Editorial: Dayton has point about surpluses
Published 9:17 am Thursday, April 23, 2015
Gov. Mark Dayton has a point when he says that, in future years, we’re unlikely to see Minnesota state budget surpluses like the nearly $2 billion projected for the upcoming two-year budget period.
Surpluses are unlikely, the governor said in his State of the State address last week, given the slower pace of the national economic recovery and its vulnerability to unforeseeable world events, along with demographic changes that are likely to constrain our choices about where to spend money the state raises from taxpayers.
“Whatever future national economic growth does occur, will likely be less than that experienced in the post-World War II decades, before the Great Recession,” he said.
All the more reason, then, for lawmakers to restrain themselves from spending the surplus in ways that produce ongoing, and compounding, obligations. Or, it can well be argued, from spending it at all.
The extra money projected on the bottom line results from Minnesotans’ economic success, the governor contends.
He credited Minnesotans, recognizing “the business owners and executives, who have chosen to locate and expand here, because they found it profitable to do so”; “their hard-working, productive employees, who helped make those decisions successful”; and teachers, professors and other educators, as well as doctors, nurses, state and local government workers and more.
Unfortunately, Dayton said, the state’s successes are seldom acknowledged inside the Capitol.
“Its inhabitants are too preoccupied with assigning blame for real and imagined shortcomings. So, I want to take this opportunity to recognize the accomplishments of the people of Minnesota. And to say, ‘Thank You.’ You are remarkable citizens. You have achieved extraordinary successes, which have boosted our state to its place today.”
The governor cited growth in employment, incomes and business profits.
But we know it won’t always be so.
As we maintain on these pages, more state spending today increases the chances for deficits when the economy inevitably cycles downward, and leaves less flexibility for response.
As we’ve noted, every dollar not added to the spending base today is a dollar-plus-inflation that doesn’t have to be spent tomorrow.
And tomorrow will be far different, with demographic changes as aging baby boomers place increasing strain on government resources.
The governor’s proposals, however, call for spending nearly all of the projected surplus this year. Included, as the Pioneer Press has reported, are hundreds of millions of dollars in new spending for education and families.

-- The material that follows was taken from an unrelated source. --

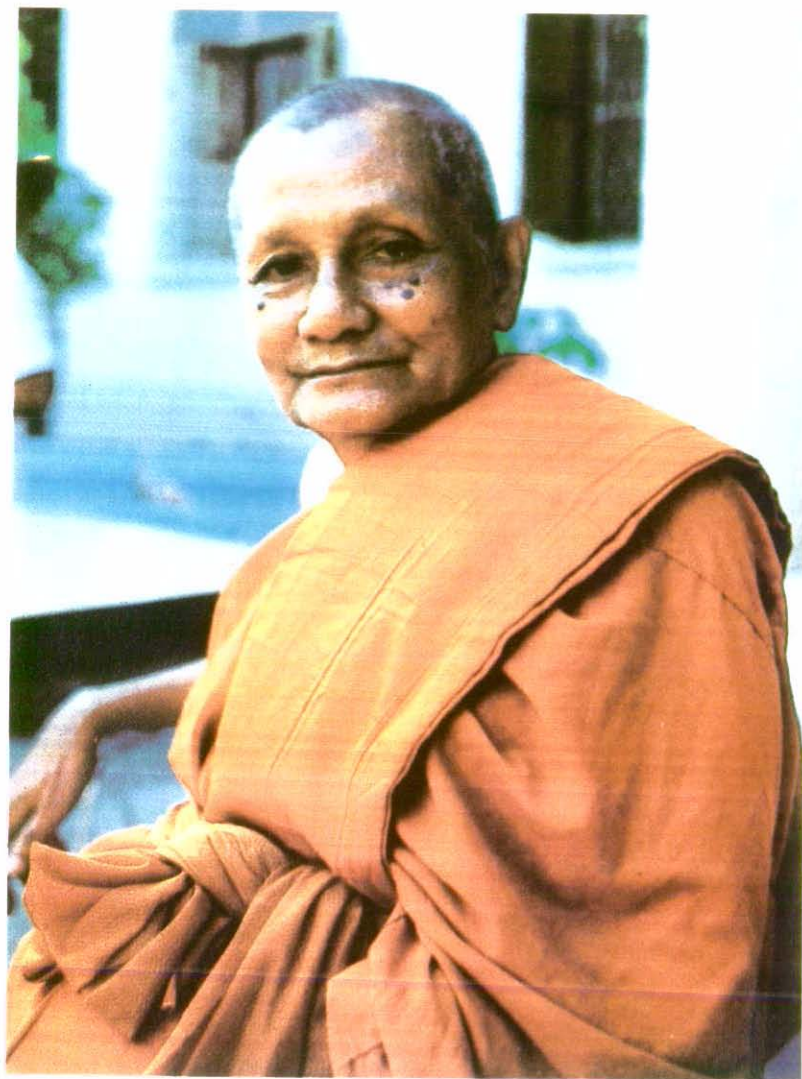
พระธรรมเสนานี

In addition, Dayton last week advanced a plan calling for $842 million in state bonding — that is, borrowing, debt that must be repaid with interest — for public works projects.
During the remaining five weeks of this legislative session, Dayton told lawmakers, “We will face our own moments of truth: Will we do what is easy, safe and popular; or will we risk our political lives to preserve this great state for future generations?”
As they consider his question, lawmakers should make restraint central to the answer.
Thrift is a virtue.
If Minnesota’s success owes to all those people the governor complimented, then he and the Legislature should take care to leave them as much of their own money as possible —so they can do more of what makes Minnesota great.